__Work request__
Your task is to restate the listing word for word without the pictures.

╭─ Data excerpt

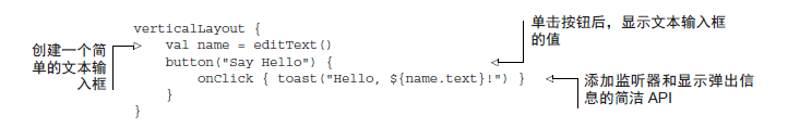 下面是 Anko 的一個(gè)簡(jiǎn)單例子,可以品嘗到使用 Kotlin 進(jìn)行 Android 開(kāi)發(fā)的滋味。只要把這段代碼放在一個(gè) Activity 中,一個(gè)簡(jiǎn)單的 Android 應(yīng)用就做好了!
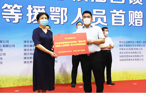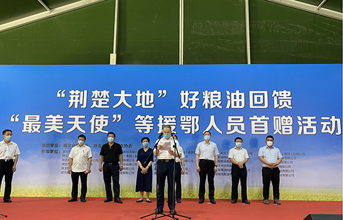 为感恩援鄂人员在湖北疫情抗击中作出的巨大牺牲和突出贡献,顺应广大粮油企业想用最优产品表达感恩之心的热情,经省政府批准,省粮食局、省粮食行业协会组织引导省内粮油加工企业开展了“荆楚大地”好粮油回馈“最美天使”等援鄂人员活动,精选湖北优质特色粮油产品寄赠4.7万余名援鄂人员,首批回馈产品6月15日在汉寄出。此次回馈活动计划持续一年时间,分别在端午节等4个重要时间节点统一寄送。省粮食局、省卫健委、省慈善总会、省粮食行业协会、武汉市发改委(粮食局)、“荆楚大地”产业联盟有关领导,医护人员代表、邮政部门有关负责人、参与捐赠企业代表、新闻媒体记者等参加首赠活动。
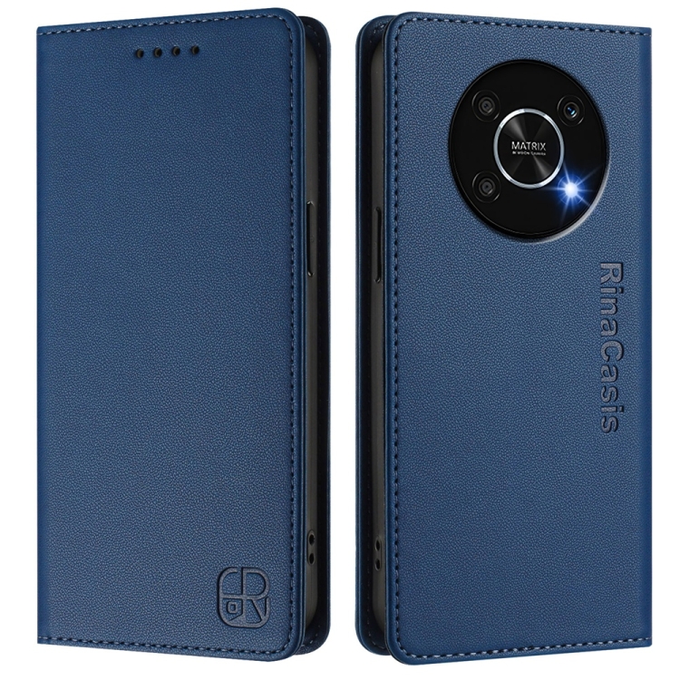 Funda de Cuero con Doble Pliegue y Succión Magnética RFID para Honor X9 4G 5G y X30 5G Rc01 (Azul Oscuro)
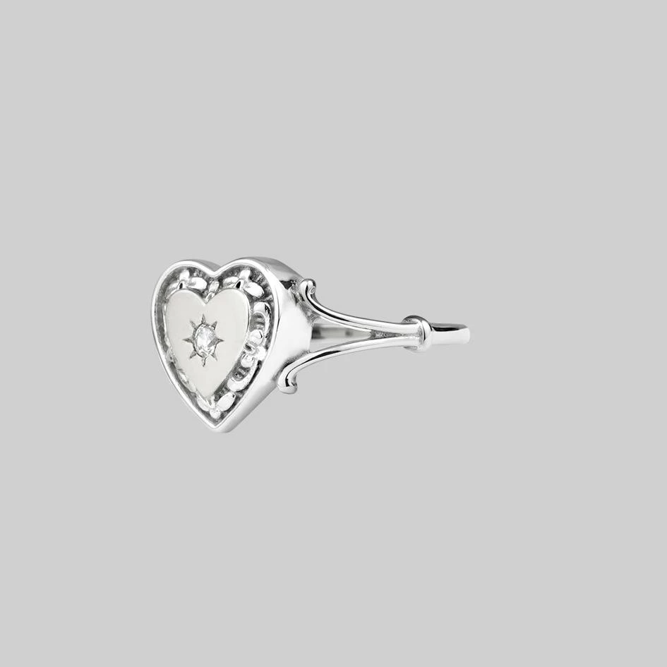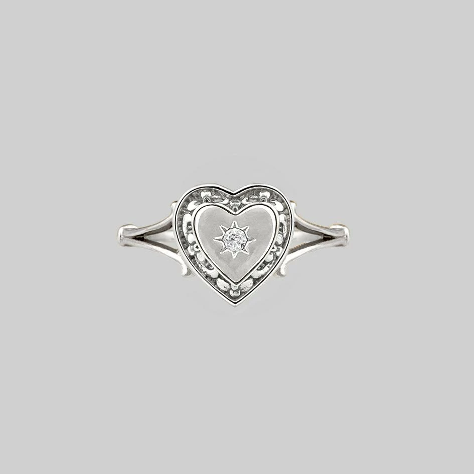 Romantic heart with border detail featuring a starburst set tiny Cubic Zirconia crystal sits between ornate shoulders.

╰─

__Answer to the problem__
 下面是 Anko 的一個(gè)簡(jiǎn)單例子,可以品嘗到使用 Kotlin 進(jìn)行 Android 開(kāi)發(fā)的滋味。只要把這段代碼放在一個(gè) Activity 中,一個(gè)簡(jiǎn)單的 Android 應(yīng)用就做好了!
 为感恩援鄂人员在湖北疫情抗击中作出的巨大牺牲和突出贡献,顺应广大粮油企业想用最优产品表达感恩之心的热情,经省政府批准,省粮食局、省粮食行业协会组织引导省内粮油加工企业开展了“荆楚大地”好粮油回馈“最美天使”等援鄂人员活动,精选湖北优质特色粮油产品寄赠4.7万余名援鄂人员,首批回馈产品6月15日在汉寄出。此次回馈活动计划持续一年时间,分别在端午节等4个重要时间节点统一寄送。省粮食局、省卫健委、省慈善总会、省粮食行业协会、武汉市发改委(粮食局)、“荆楚大地”产业联盟有关领导,医护人员代表、邮政部门有关负责人、参与捐赠企业代表、新闻媒体记者等参加首赠活动。
 Funda de Cuero con Doble Pliegue y Succión Magnética RFID para Honor X9 4G 5G y X30 5G Rc01 (Azul Oscuro)
 Romantic heart with border detail featuring a starburst set tiny Cubic Zirconia crystal sits between ornate shoulders.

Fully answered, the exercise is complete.